Maybe it's because he's comfortable with his sexuality, and isn't all that worried about how other people see him? Besides, maybe he doesn't CHOOSE to act like that. As you said, why would he? Maybe he's just always been like that, and he can't change it so he just accepts it for what it is.

EDIT: Lots of maybes, lol. I love playing devil's advocate.


----------



## meganmila (Jul 25, 2011)

So now you are assuming he's doing that?


Honestly I'm kind of poking fun at this..heh.


----------



## Brad (Dec 27, 2011)

Feminine personality doesn't necessarily mean that he's gay. Although the chances are he is. Just saying though.


----------



## DeeperUnderstanding (May 19, 2007)

Actually, I like Madonna, Celine Dion, Twilight movies and books, and the Lifetime channel...

Look at my porn collection. All women, having sex. And I get turned off by naked men.

Just because a stereotype exists, doesn't mean that everyone fits the stereotype. This is what frustrates me about relationships, and why I don't go on dates; I get judged too easily for being me, when all I want to do is like what I like, and find a girl who likes it, too...what's so wrong about that?

Anyway, this is a change from the typical gender wars thread, because this is a war on a gender based on stereotypes that have never been stated before...this is a first on SAS, at least...


----------



## lyric (Aug 21, 2011)

targetbuddy said:


> Maybe it's because he's comfortable with his sexuality, and isn't all that worried about how other people see him? Besides, maybe he doesn't CHOOSE to act like that. As you said, why would he? Maybe he's just always been like that, and he can't change it so he just accepts it for what it is.
> 
> EDIT: Lots of maybes, lol. I love playing devil's advocate.


I don't really know. Either way, the chemistry ain't there. There won't be a relationship. It's unfortunate because I totally want one right now. I guess we'll be franz.


----------



## lyric (Aug 21, 2011)

Brad5 said:


> Feminine personality doesn't necessarily mean that he's gay. *Although the chances are he is.* Just saying though.


You're gonna be attacked now. :lol


----------



## DeeperUnderstanding (May 19, 2007)

I am thankful that I don't need women, other than as friends. I have porn, and from experience porn is less judgmental, plus less costly, than going on mindless dates to try to find a girlfriend.


----------



## lyric (Aug 21, 2011)

WintersTale said:


> I am thankful that I don't need women, other than as friends. I have porn, and from experience porn is less judgmental, plus less costly, than going on mindless dates to try to find a girlfriend.

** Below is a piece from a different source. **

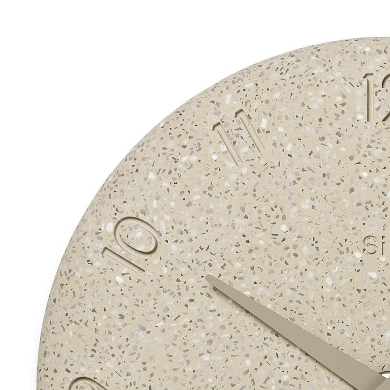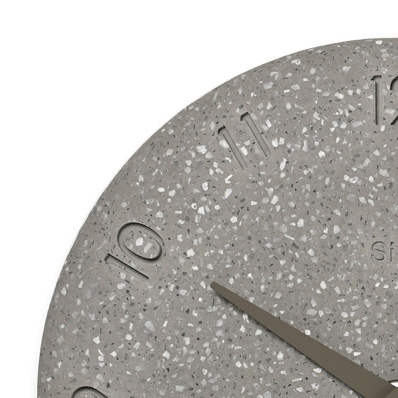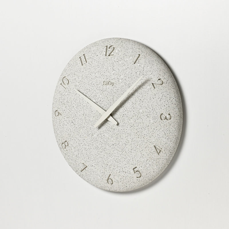 緩やかにカーブする時計の形状は表面に光と影のグラデーションを作り、無数の石の表情を強調します。彫り込まれた時計の数字のエッジを崩すことなく、石の表面を綺麗に洗い出すのはコツがいる作業で、soilの職人の繊細な手作業によって実現することができました。

Well you've got the same mentality as millions of other men have.


----------



## MobiusX (Nov 14, 2008)

at least it didn't turn out to be a serial killer like Dexter


----------



## Double Indemnity (Aug 15, 2011)

lyric said:


> Well you didn't recognize your ignorance either. I guess we're even. And it's subjective I suppose. You think being gay has to do with appearance, I think it has to do with personality. Your comments about a hairstyle were ridiculous.


Recognize my own ignorance? I can admit that I stereotype. My point in that thread was that (most) lesbians do indeed have a certain look. We can politely deny it all we want, but it doesn't change the fact. I think most people can instantly tell that I'm heterosexual and I'm ok with that. Humans are constantly gathering information and drawing conclusions based on a variety of factors. It's how our brains have learned to function.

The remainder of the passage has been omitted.